◆ **INSTRUCTIONS FOR THE TASK**:
A full, exact copy of the listing is needed, with images omitted.

◆ **PROVIDED MATERIAL**:

● ● ● ● ● ● ●

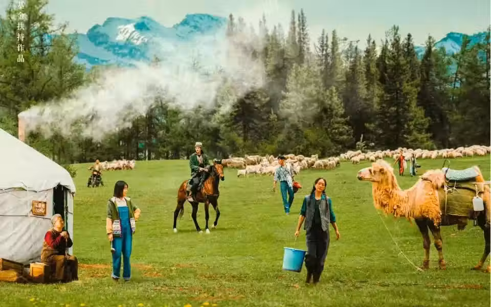 於適演的哈薩克少年騎馬放羊的鏡頭,把新疆的草原拍得跟Windows桌面似的。最絕的是拍轉場,前一秒還在吵架,後鏡頭直接切到漫山遍野的蒲公英,觀眾的氣都沒處生。有網友說看完這劇,連夜下單了阿勒泰的旅遊套餐。
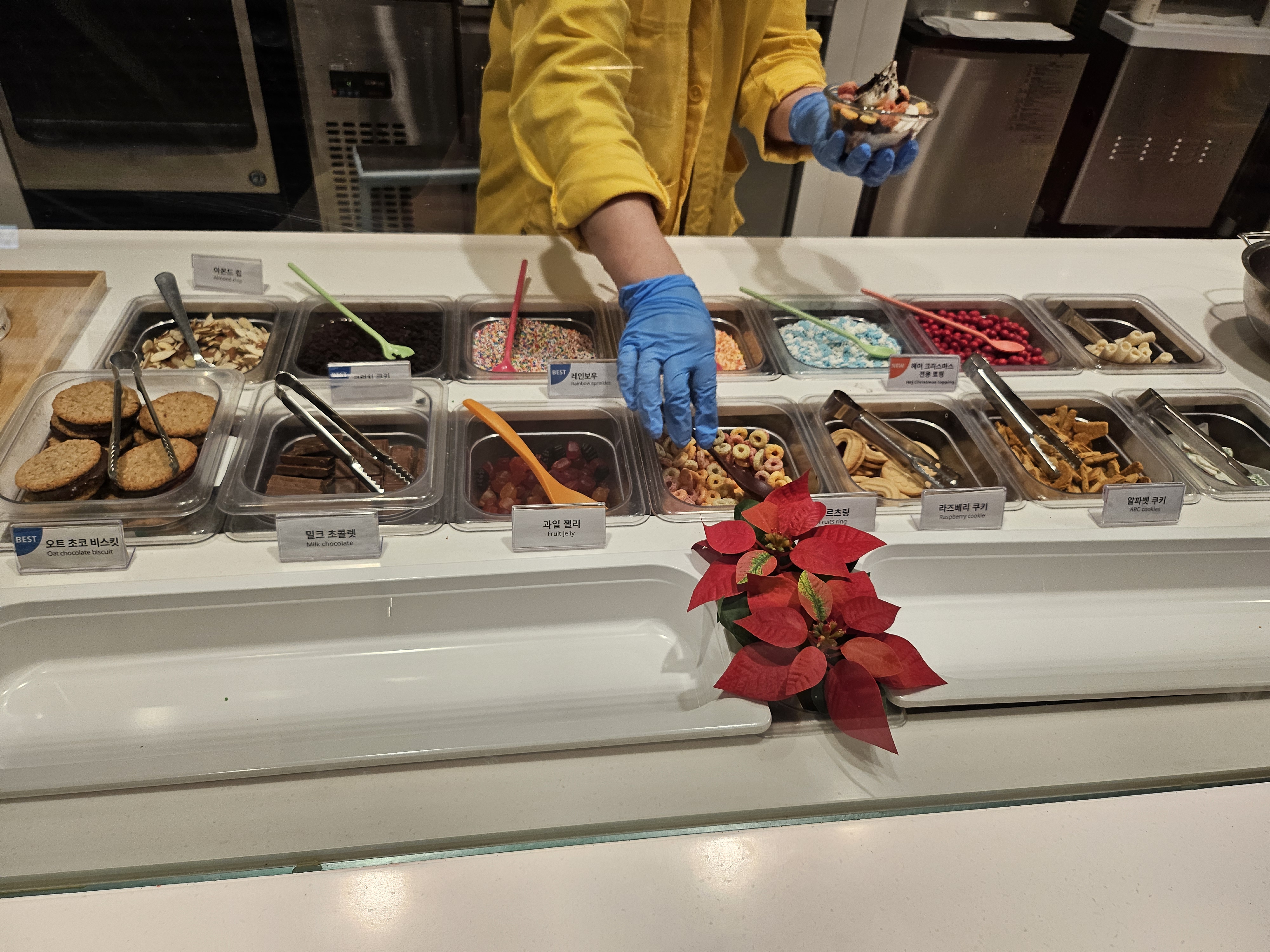 3,000원에 아이스크림 종류를 고르고, 무료토핑 2개를 고를 수 있습니다.
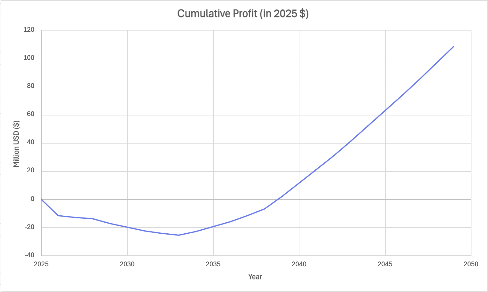 In summary, this investment becomes profitable in 2035. By 2040, the initial development cost will have been fully recovered.

● ● ● ● ● ● ●

◆ **FINISHED EXERCISE**:
 於適演的哈薩克少年騎馬放羊的鏡頭,把新疆的草原拍得跟Windows桌面似的。最絕的是拍轉場,前一秒還在吵架,後鏡頭直接切到漫山遍野的蒲公英,觀眾的氣都沒處生。有網友說看完這劇,連夜下單了阿勒泰的旅遊套餐。
 3,000원에 아이스크림 종류를 고르고, 무료토핑 2개를 고를 수 있습니다.
 In summary, this investment becomes profitable in 2035. By 2040, the initial development cost will have been fully recovered.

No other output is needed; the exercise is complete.